• Data supplied:

'''

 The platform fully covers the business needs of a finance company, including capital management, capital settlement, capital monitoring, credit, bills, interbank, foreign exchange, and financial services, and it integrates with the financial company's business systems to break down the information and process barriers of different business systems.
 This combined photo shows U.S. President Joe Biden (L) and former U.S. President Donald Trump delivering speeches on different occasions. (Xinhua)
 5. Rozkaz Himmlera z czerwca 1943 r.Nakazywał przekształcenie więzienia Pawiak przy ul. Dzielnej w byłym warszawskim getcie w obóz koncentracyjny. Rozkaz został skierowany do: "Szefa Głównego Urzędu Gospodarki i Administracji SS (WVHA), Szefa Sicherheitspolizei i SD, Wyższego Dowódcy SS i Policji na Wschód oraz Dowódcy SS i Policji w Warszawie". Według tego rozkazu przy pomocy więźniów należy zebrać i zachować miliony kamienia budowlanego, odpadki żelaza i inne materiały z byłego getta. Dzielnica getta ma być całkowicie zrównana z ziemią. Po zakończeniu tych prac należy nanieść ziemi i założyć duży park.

'''
'''

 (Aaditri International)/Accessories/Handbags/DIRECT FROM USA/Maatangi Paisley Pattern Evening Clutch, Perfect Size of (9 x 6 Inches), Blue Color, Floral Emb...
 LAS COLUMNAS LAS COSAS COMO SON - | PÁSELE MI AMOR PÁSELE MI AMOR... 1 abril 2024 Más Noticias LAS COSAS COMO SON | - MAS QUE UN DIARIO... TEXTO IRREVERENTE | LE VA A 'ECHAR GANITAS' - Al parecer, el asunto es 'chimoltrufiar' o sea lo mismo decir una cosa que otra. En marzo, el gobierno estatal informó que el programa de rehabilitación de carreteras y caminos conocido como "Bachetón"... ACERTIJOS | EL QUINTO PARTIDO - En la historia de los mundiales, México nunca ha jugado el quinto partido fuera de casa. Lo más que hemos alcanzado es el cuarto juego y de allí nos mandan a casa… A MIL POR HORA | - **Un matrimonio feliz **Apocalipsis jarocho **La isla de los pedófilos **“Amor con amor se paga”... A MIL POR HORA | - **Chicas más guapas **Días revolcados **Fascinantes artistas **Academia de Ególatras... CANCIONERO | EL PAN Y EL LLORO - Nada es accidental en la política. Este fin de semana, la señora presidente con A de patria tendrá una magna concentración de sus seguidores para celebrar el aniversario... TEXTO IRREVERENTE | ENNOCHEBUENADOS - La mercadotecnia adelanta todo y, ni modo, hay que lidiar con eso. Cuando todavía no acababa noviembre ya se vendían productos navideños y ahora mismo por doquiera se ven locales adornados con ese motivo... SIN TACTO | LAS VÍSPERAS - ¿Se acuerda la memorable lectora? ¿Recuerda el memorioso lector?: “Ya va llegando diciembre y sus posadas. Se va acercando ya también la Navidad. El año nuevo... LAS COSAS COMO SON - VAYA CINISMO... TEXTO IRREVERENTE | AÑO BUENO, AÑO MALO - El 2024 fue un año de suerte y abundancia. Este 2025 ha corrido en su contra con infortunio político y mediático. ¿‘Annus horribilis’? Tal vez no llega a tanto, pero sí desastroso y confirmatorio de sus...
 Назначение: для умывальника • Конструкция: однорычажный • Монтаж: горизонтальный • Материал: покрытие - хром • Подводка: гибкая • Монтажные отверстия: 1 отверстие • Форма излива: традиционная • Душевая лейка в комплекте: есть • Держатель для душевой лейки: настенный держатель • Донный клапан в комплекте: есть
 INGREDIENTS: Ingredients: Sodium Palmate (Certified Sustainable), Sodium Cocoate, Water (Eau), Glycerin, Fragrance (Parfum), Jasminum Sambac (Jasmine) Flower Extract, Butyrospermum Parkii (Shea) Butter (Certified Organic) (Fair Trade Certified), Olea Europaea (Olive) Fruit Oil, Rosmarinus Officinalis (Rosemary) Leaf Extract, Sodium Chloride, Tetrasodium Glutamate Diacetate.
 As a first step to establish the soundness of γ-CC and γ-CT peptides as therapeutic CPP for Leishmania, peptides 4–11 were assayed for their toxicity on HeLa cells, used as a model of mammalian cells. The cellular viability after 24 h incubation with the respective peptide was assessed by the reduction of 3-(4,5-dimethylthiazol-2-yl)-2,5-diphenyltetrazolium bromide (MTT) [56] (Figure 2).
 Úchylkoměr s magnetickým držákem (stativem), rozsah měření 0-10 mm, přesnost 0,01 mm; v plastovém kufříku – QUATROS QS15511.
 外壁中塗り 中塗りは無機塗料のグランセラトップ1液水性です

'''

• What you should do:
Where does "with" occur in the data? Copy each line that has it.

• Answer box:
 The platform fully covers the business needs of a finance company, including capital management, capital settlement, capital monitoring, credit, bills, interbank, foreign exchange, and financial services, and it integrates with the financial company's business systems to break down the information and process barriers of different business systems.
 As a first step to establish the soundness of γ-CC and γ-CT peptides as therapeutic CPP for Leishmania, peptides 4–11 were assayed for their toxicity on HeLa cells, used as a model of mammalian cells. The cellular viability after 24 h incubation with the respective peptide was assessed by the reduction of 3-(4,5-dimethylthiazol-2-yl)-2,5-diphenyltetrazolium bromide (MTT) [56] (Figure 2).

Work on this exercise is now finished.